Segment Open

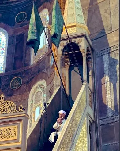 "Bugün, bundan 70 sene önce hemen karşımızdaki Sultanahmet Camisi minarelerinin 16 şerefesinden 16 müezzinin Allah'u ekber sadalarıyla yeri göğü inlettiği, 18 yıl ayrılıktan sonra minarelerimizin ezanlara kavuştuğu anın bir benzerini yaşadığımız gündür. Bugün, müminlerin sevinç gözyaşları içinde kıyama durduğu, huşuyla rükua vardığı ve şükürle secdeye kapandığı gündür. Bugün, şeref ve tevazu günüdür. Bizleri böyle onurlu bir güne kavuşturan, yeryüzünün en mukaddes mekanları olan camilerde buluşturan ve ulu mabet Ayasofya'da huzuruna kabul eden Cenab-ı Hakk'a sonsuz hamdüsenalar olsun.
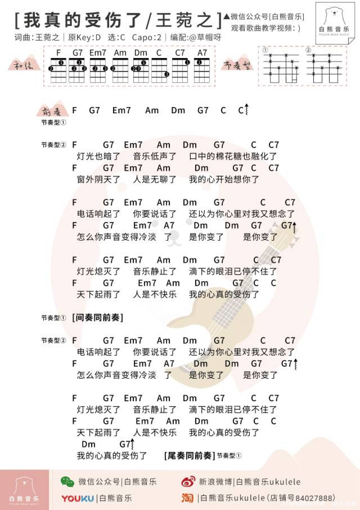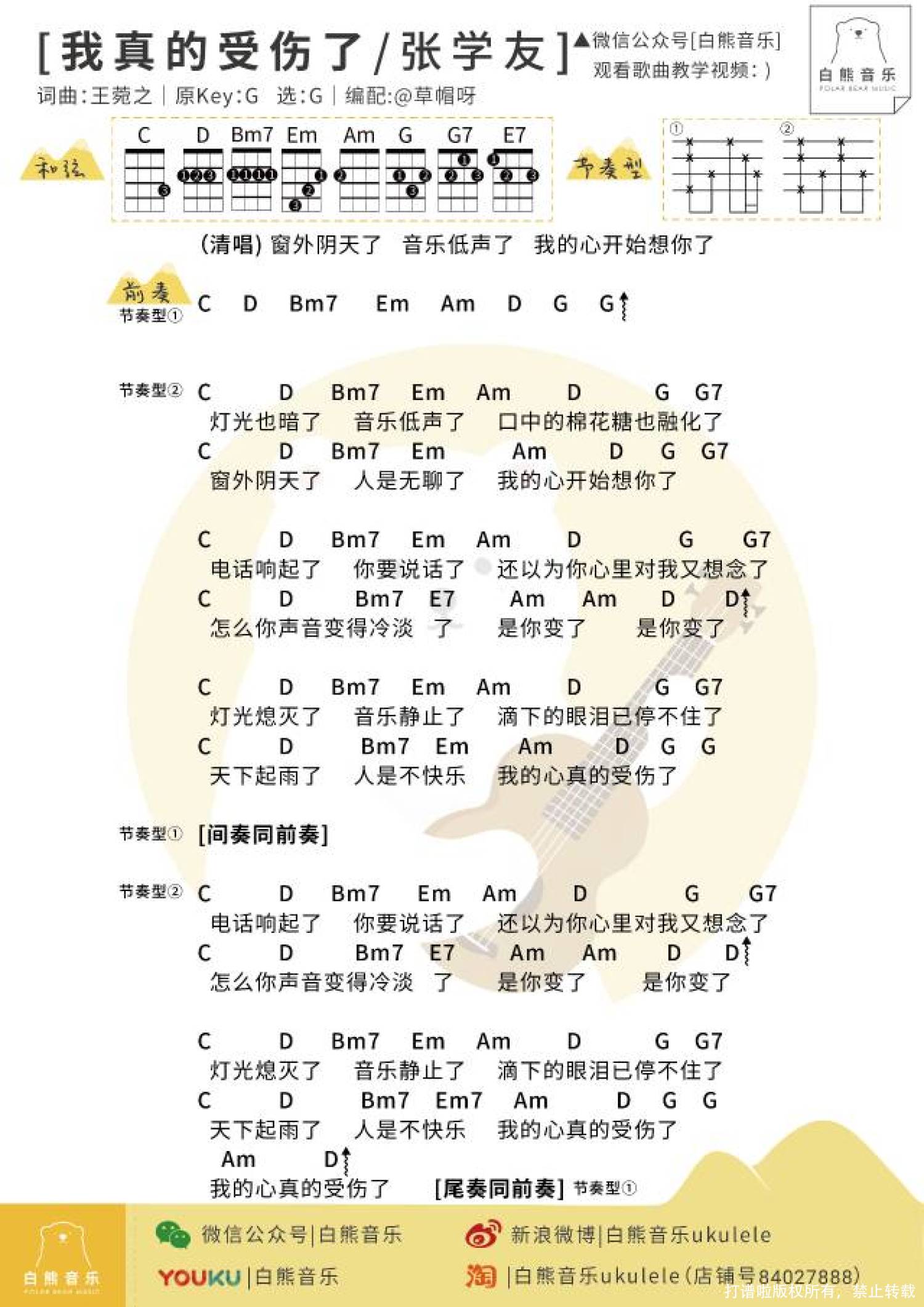 曲谱介绍: {窗外阴天了人是无聊了我的心开始想你了}◎〈我真的受伤了〉是张学友演唱的一首经典歌曲,由王菀之作词、作曲,收录在张学友2001年9月26日发行的专辑『学友.热』。◎〈我真的受伤了〉这首歌放在专辑里的第三首,可能学友和欧丁玉也觉得这首安安静静的小调的确是上品,对它抱有期望。的确,这首歌影响很大,深受年轻人的喜爱,翻唱者不胜枚举,KTV点唱率永远的前五名。◎淡淡忧伤牵动人心,一首小诗就是歌词,还整齐到从头到尾都是“了”字尾,只有倒数第二句字不同音同。※2010年台湾歌手田馥甄在个人演唱会:Love!ToHebe音乐会上翻唱了《我真的受伤了》,并收录在2010年12月3日发行的专辑《Love!ToHebe影音馆》※2005年王菀之翻唱了自己为张学友创作的《我真的受伤了》,并收录在2005年5月19日发行EP《Ivana》学友不去用被人称道的张力十足厚浑洪亮的那种方式,而是如此温柔细腻,还是那么出众。Ukulele弹唱教学教学|@草帽呀草帽同款琴|KakaMad全单好琴尤克里里弹唱谱▼弹奏难度 (较易)女声版男生版
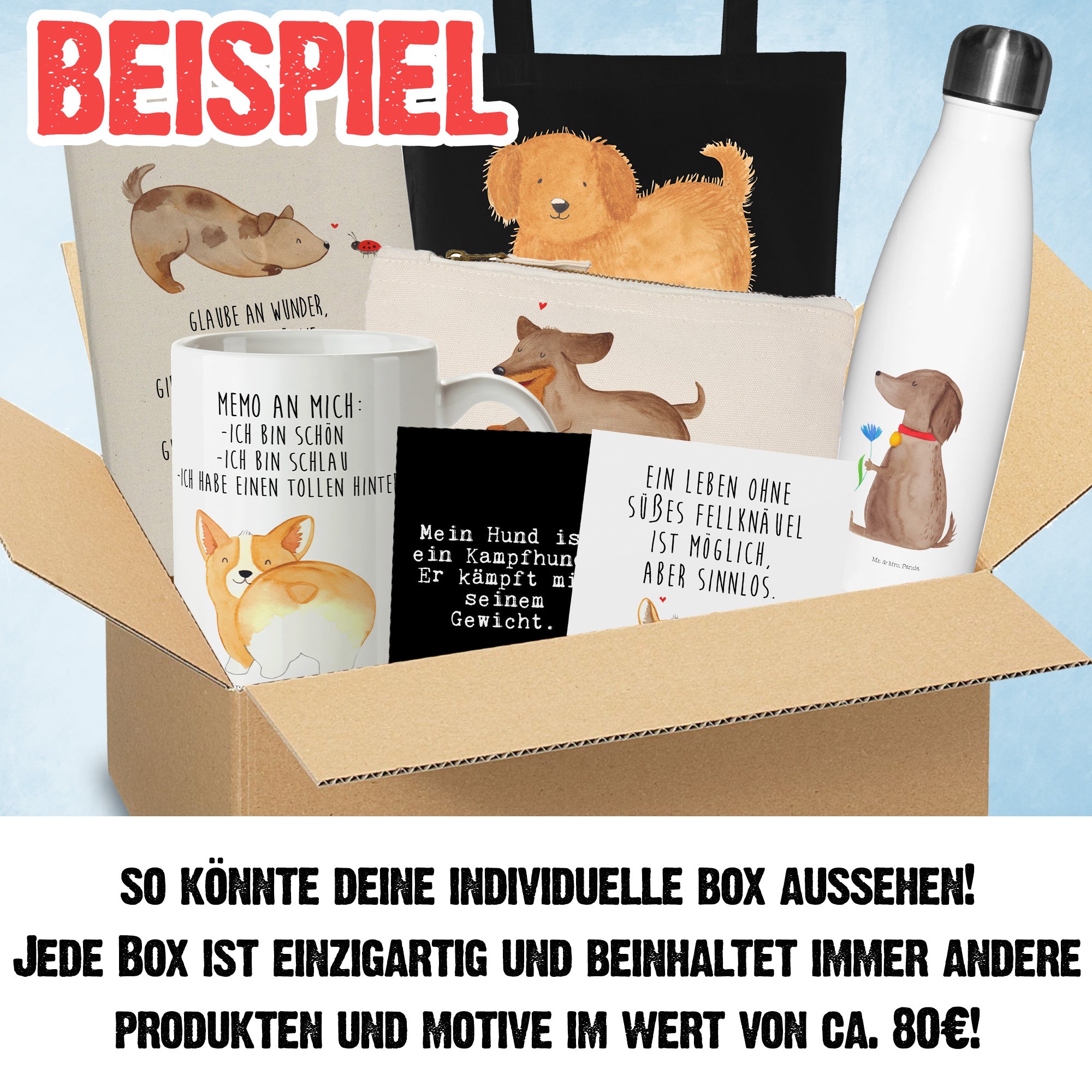 Eine Box voller schöner Hunde Motive, die ein jedes Hundebesitzer-Herz höher schlagen lassen. Ein lieber Corgie, ein wilder Basset Hound, ein treuer Dackel,ein kuscheliger Mops und viele weitere Hunde Motive werden dich in der Hunde Mystery Box überraschen.
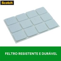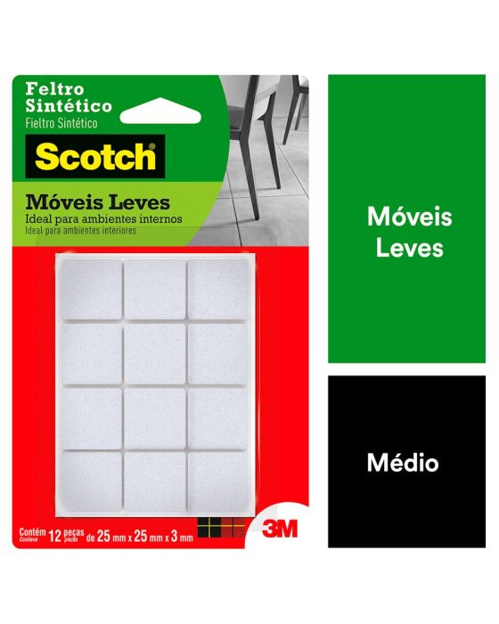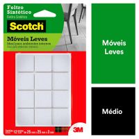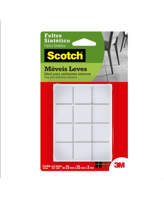 Características:O Feltro Sintético para Móveis Leves 3M Scotch™ ajuda você a proteger a beleza do seu piso. Equipados com adesivo poderoso e feltro durável, os protetores de piso aderem sem esforço aos pés dos seus móveis e fornecem proteção duradoura contra riscos e arranhões.Detalhes:- Marca: Scotch™;- Fabricante: 3M™;- Referência: HB004262596;- Cor: Branco;- Tamanho: Médio;- Formato: Quadrado;- Contém: 1 embalagem do produto com 12 unidades;- Não Risca: Protege e não danifica o piso;- Resistente: Durável;- Ambiente: Interno;- Medidas: 2,5 cm x 2,5cm.Aplicação:- É ideal para aplicar em móveis, como: Mesas, Cadeiras, Banquetas e Pufes.Modo de uso: - As superfícies devem estar limpas, secas e livres de gorduras (ceras, óleos etc);- Remover o liner protetor e aplicar pressionando contra a outra superfície.Uso:- Ideal para evitar que os objetos se desloquem-se, evitando riscos, batidas e deslizamentos. Composição:- Liner: Papel tratado;- Dorso: Feltro Sintético;- Adesivo: Adesivo Sintético.Conteúdo da embalagem: 1 Feltro Moveis Quadrado Branco Medio 25x25mm Scotch 3m.* As especificações podem ser alteradas sem aviso prévio ** Imagem meramente ilustrativa.

Segment Closed

The listing above must be repeated exactly, apart from the pictures.

§ OUTPUT FOR THIS EXERCISE
 "Bugün, bundan 70 sene önce hemen karşımızdaki Sultanahmet Camisi minarelerinin 16 şerefesinden 16 müezzinin Allah'u ekber sadalarıyla yeri göğü inlettiği, 18 yıl ayrılıktan sonra minarelerimizin ezanlara kavuştuğu anın bir benzerini yaşadığımız gündür. Bugün, müminlerin sevinç gözyaşları içinde kıyama durduğu, huşuyla rükua vardığı ve şükürle secdeye kapandığı gündür. Bugün, şeref ve tevazu günüdür. Bizleri böyle onurlu bir güne kavuşturan, yeryüzünün en mukaddes mekanları olan camilerde buluşturan ve ulu mabet Ayasofya'da huzuruna kabul eden Cenab-ı Hakk'a sonsuz hamdüsenalar olsun.
 曲谱介绍: {窗外阴天了人是无聊了我的心开始想你了}◎〈我真的受伤了〉是张学友演唱的一首经典歌曲,由王菀之作词、作曲,收录在张学友2001年9月26日发行的专辑『学友.热』。◎〈我真的受伤了〉这首歌放在专辑里的第三首,可能学友和欧丁玉也觉得这首安安静静的小调的确是上品,对它抱有期望。的确,这首歌影响很大,深受年轻人的喜爱,翻唱者不胜枚举,KTV点唱率永远的前五名。◎淡淡忧伤牵动人心,一首小诗就是歌词,还整齐到从头到尾都是“了”字尾,只有倒数第二句字不同音同。※2010年台湾歌手田馥甄在个人演唱会:Love!ToHebe音乐会上翻唱了《我真的受伤了》,并收录在2010年12月3日发行的专辑《Love!ToHebe影音馆》※2005年王菀之翻唱了自己为张学友创作的《我真的受伤了》,并收录在2005年5月19日发行EP《Ivana》学友不去用被人称道的张力十足厚浑洪亮的那种方式,而是如此温柔细腻,还是那么出众。Ukulele弹唱教学教学|@草帽呀草帽同款琴|KakaMad全单好琴尤克里里弹唱谱▼弹奏难度 (较易)女声版男生版
 Eine Box voller schöner Hunde Motive, die ein jedes Hundebesitzer-Herz höher schlagen lassen. Ein lieber Corgie, ein wilder Basset Hound, ein treuer Dackel,ein kuscheliger Mops und viele weitere Hunde Motive werden dich in der Hunde Mystery Box überraschen.
 Características:O Feltro Sintético para Móveis Leves 3M Scotch™ ajuda você a proteger a beleza do seu piso. Equipados com adesivo poderoso e feltro durável, os protetores de piso aderem sem esforço aos pés dos seus móveis e fornecem proteção duradoura contra riscos e arranhões.Detalhes:- Marca: Scotch™;- Fabricante: 3M™;- Referência: HB004262596;- Cor: Branco;- Tamanho: Médio;- Formato: Quadrado;- Contém: 1 embalagem do produto com 12 unidades;- Não Risca: Protege e não danifica o piso;- Resistente: Durável;- Ambiente: Interno;- Medidas: 2,5 cm x 2,5cm.Aplicação:- É ideal para aplicar em móveis, como: Mesas, Cadeiras, Banquetas e Pufes.Modo de uso: - As superfícies devem estar limpas, secas e livres de gorduras (ceras, óleos etc);- Remover o liner protetor e aplicar pressionando contra a outra superfície.Uso:- Ideal para evitar que os objetos se desloquem-se, evitando riscos, batidas e deslizamentos. Composição:- Liner: Papel tratado;- Dorso: Feltro Sintético;- Adesivo: Adesivo Sintético.Conteúdo da embalagem: 1 Feltro Moveis Quadrado Branco Medio 25x25mm Scotch 3m.* As especificações podem ser alteradas sem aviso prévio ** Imagem meramente ilustrativa.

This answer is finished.